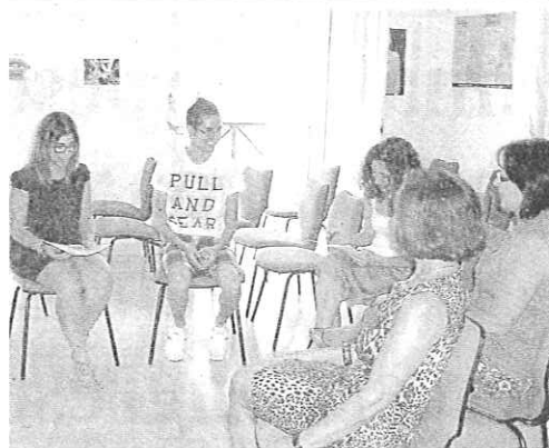
DIARIO DE ALMERÍA
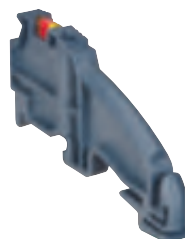
0 375 12 avec repérage CAB 3
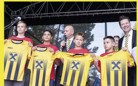
Die Nachwuchskicker des SV Sieghartskirchen

+-------+

#### Work instructions
Set the preceding data down again word for word, omitting images.

#### Result of the task
DIARIO DE ALMERÍA
0 375 12 avec repérage CAB 3
Die Nachwuchskicker des SV Sieghartskirchen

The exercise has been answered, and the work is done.